== Task objective ==
Retype the data below verbatim; pictures do not belong in the copy.

[[ The data open ]]

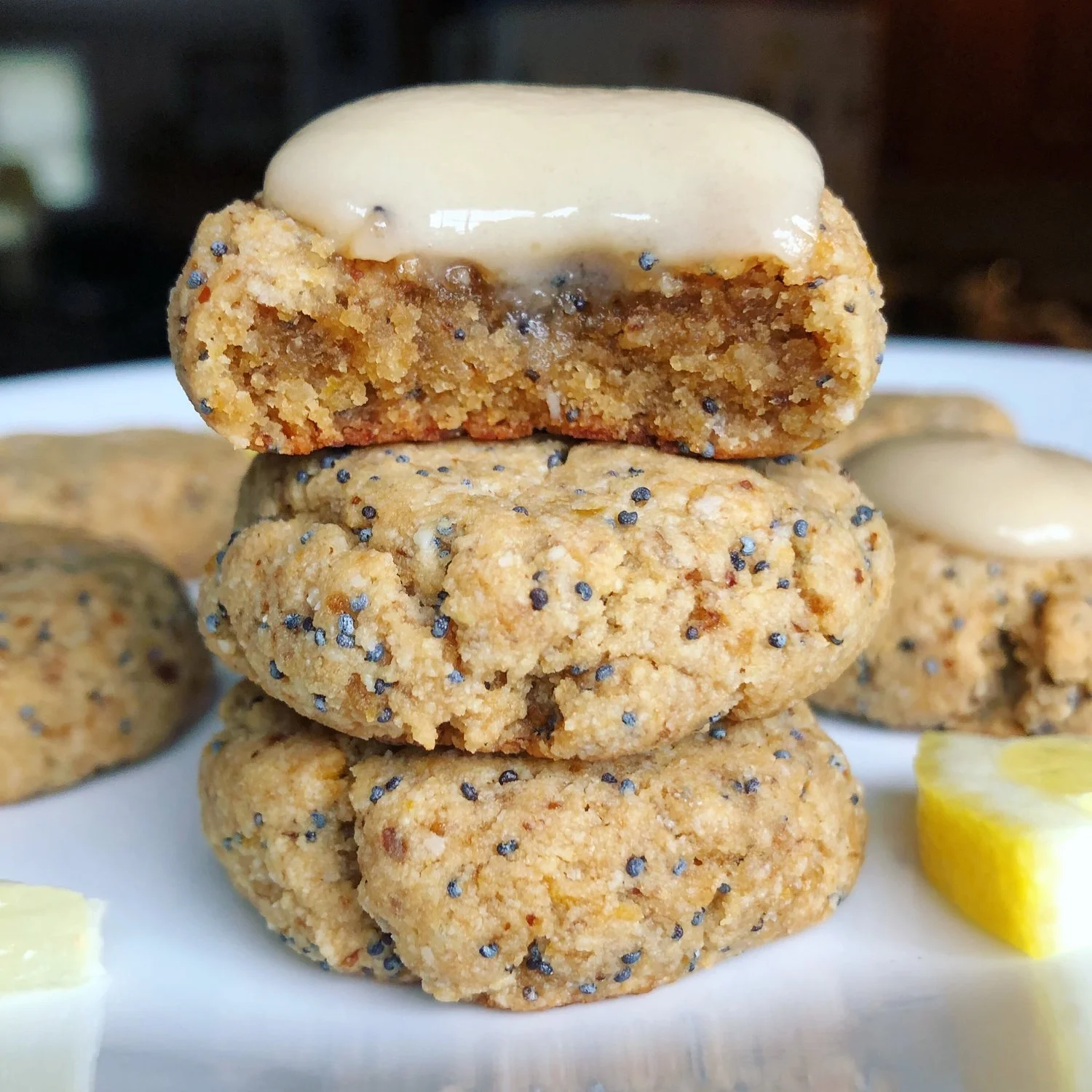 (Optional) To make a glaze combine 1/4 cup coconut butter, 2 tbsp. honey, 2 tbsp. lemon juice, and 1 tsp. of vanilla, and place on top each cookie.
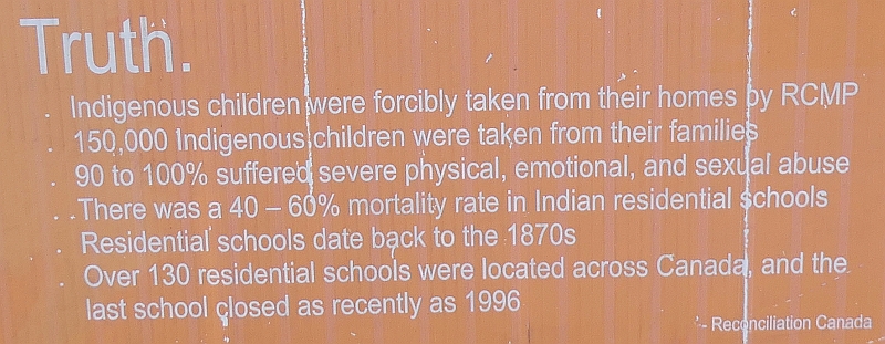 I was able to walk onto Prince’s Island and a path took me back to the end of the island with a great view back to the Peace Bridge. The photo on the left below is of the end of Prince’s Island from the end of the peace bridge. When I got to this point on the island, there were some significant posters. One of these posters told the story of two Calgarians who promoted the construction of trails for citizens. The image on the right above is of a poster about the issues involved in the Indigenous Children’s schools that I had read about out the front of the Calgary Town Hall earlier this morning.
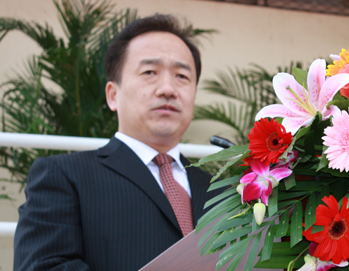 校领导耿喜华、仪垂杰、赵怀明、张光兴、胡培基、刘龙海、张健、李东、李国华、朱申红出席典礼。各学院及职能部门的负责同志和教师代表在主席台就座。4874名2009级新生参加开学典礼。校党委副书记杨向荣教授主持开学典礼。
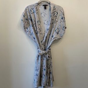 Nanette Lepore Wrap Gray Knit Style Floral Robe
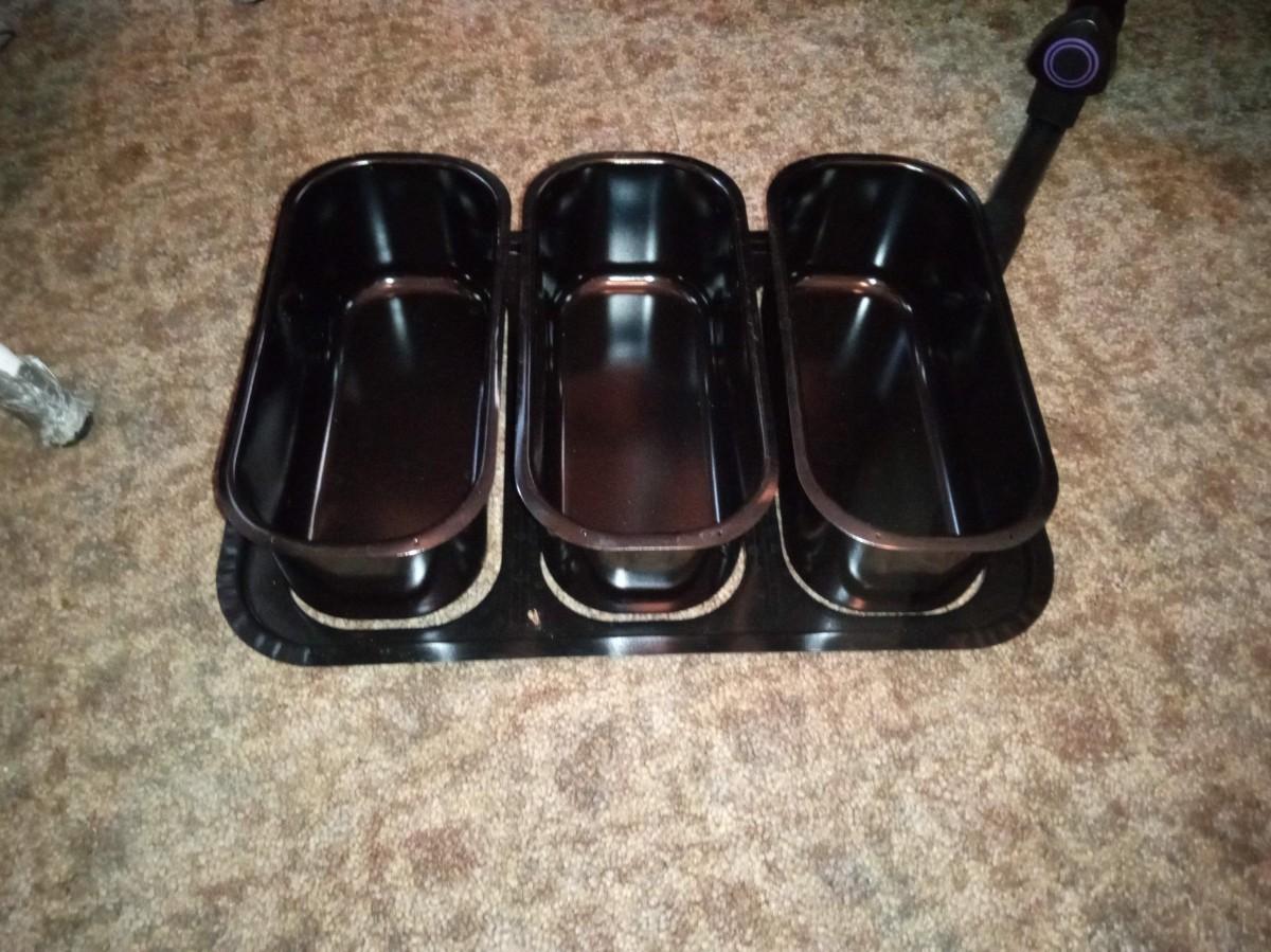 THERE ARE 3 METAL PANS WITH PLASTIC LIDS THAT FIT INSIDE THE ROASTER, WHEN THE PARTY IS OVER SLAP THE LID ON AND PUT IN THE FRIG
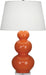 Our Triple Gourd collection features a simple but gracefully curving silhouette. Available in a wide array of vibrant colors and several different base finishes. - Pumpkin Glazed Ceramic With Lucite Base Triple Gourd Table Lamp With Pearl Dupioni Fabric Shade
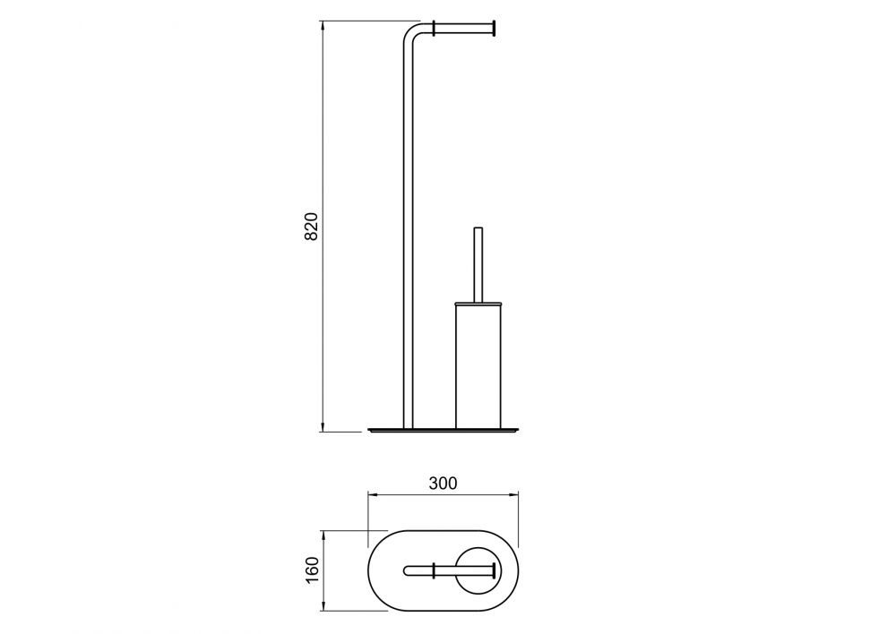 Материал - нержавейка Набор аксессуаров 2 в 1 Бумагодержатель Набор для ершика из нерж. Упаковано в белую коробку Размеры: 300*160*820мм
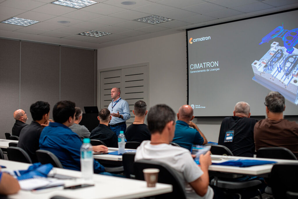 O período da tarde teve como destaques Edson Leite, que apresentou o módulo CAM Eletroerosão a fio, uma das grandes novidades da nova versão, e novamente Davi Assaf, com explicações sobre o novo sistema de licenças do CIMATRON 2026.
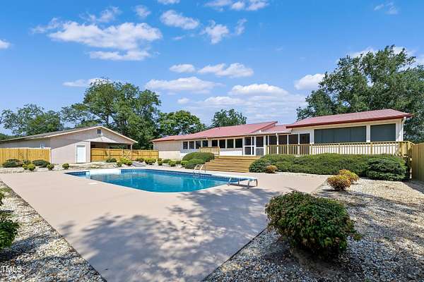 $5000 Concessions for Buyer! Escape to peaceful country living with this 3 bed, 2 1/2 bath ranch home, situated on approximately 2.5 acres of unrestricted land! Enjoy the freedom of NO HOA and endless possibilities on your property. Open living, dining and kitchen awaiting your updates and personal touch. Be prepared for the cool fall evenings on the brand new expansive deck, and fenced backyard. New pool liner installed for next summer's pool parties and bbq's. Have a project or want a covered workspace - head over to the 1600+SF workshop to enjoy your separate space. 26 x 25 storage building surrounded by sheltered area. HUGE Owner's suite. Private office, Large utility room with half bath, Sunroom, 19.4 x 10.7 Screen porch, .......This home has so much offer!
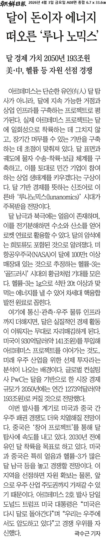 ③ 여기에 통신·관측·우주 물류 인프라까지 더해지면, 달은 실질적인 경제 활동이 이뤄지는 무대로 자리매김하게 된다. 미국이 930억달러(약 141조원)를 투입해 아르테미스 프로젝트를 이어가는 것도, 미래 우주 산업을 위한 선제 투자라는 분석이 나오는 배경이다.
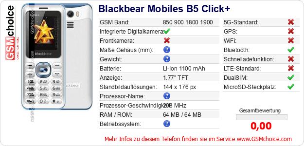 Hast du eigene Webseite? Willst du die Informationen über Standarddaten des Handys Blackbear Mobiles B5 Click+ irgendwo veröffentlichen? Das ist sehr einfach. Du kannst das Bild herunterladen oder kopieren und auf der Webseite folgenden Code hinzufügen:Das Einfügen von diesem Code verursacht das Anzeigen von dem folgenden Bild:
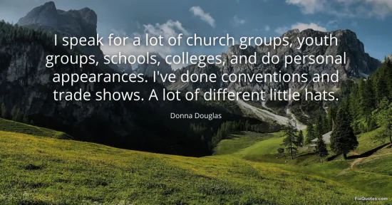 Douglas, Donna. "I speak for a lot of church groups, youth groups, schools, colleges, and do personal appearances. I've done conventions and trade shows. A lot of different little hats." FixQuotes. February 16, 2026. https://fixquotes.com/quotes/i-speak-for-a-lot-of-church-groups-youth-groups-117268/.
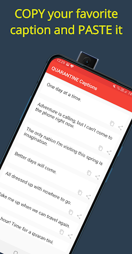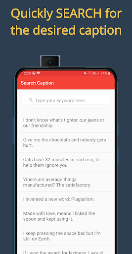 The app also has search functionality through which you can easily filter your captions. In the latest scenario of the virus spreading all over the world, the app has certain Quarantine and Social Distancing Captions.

[[ The data closed ]]

== Response to the exercise ==
 (Optional) To make a glaze combine 1/4 cup coconut butter, 2 tbsp. honey, 2 tbsp. lemon juice, and 1 tsp. of vanilla, and place on top each cookie.
 I was able to walk onto Prince’s Island and a path took me back to the end of the island with a great view back to the Peace Bridge. The photo on the left below is of the end of Prince’s Island from the end of the peace bridge. When I got to this point on the island, there were some significant posters. One of these posters told the story of two Calgarians who promoted the construction of trails for citizens. The image on the right above is of a poster about the issues involved in the Indigenous Children’s schools that I had read about out the front of the Calgary Town Hall earlier this morning.
 校领导耿喜华、仪垂杰、赵怀明、张光兴、胡培基、刘龙海、张健、李东、李国华、朱申红出席典礼。各学院及职能部门的负责同志和教师代表在主席台就座。4874名2009级新生参加开学典礼。校党委副书记杨向荣教授主持开学典礼。
 Nanette Lepore Wrap Gray Knit Style Floral Robe
 THERE ARE 3 METAL PANS WITH PLASTIC LIDS THAT FIT INSIDE THE ROASTER, WHEN THE PARTY IS OVER SLAP THE LID ON AND PUT IN THE FRIG
 Our Triple Gourd collection features a simple but gracefully curving silhouette. Available in a wide array of vibrant colors and several different base finishes. - Pumpkin Glazed Ceramic With Lucite Base Triple Gourd Table Lamp With Pearl Dupioni Fabric Shade
 Материал - нержавейка Набор аксессуаров 2 в 1 Бумагодержатель Набор для ершика из нерж. Упаковано в белую коробку Размеры: 300*160*820мм
 O período da tarde teve como destaques Edson Leite, que apresentou o módulo CAM Eletroerosão a fio, uma das grandes novidades da nova versão, e novamente Davi Assaf, com explicações sobre o novo sistema de licenças do CIMATRON 2026.
 $5000 Concessions for Buyer! Escape to peaceful country living with this 3 bed, 2 1/2 bath ranch home, situated on approximately 2.5 acres of unrestricted land! Enjoy the freedom of NO HOA and endless possibilities on your property. Open living, dining and kitchen awaiting your updates and personal touch. Be prepared for the cool fall evenings on the brand new expansive deck, and fenced backyard. New pool liner installed for next summer's pool parties and bbq's. Have a project or want a covered workspace - head over to the 1600+SF workshop to enjoy your separate space. 26 x 25 storage building surrounded by sheltered area. HUGE Owner's suite. Private office, Large utility room with half bath, Sunroom, 19.4 x 10.7 Screen porch, .......This home has so much offer!
 ③ 여기에 통신·관측·우주 물류 인프라까지 더해지면, 달은 실질적인 경제 활동이 이뤄지는 무대로 자리매김하게 된다. 미국이 930억달러(약 141조원)를 투입해 아르테미스 프로젝트를 이어가는 것도, 미래 우주 산업을 위한 선제 투자라는 분석이 나오는 배경이다.
 Hast du eigene Webseite? Willst du die Informationen über Standarddaten des Handys Blackbear Mobiles B5 Click+ irgendwo veröffentlichen? Das ist sehr einfach. Du kannst das Bild herunterladen oder kopieren und auf der Webseite folgenden Code hinzufügen:Das Einfügen von diesem Code verursacht das Anzeigen von dem folgenden Bild:
 Douglas, Donna. "I speak for a lot of church groups, youth groups, schools, colleges, and do personal appearances. I've done conventions and trade shows. A lot of different little hats." FixQuotes. February 16, 2026. https://fixquotes.com/quotes/i-speak-for-a-lot-of-church-groups-youth-groups-117268/.
 The app also has search functionality through which you can easily filter your captions. In the latest scenario of the virus spreading all over the world, the app has certain Quarantine and Social Distancing Captions.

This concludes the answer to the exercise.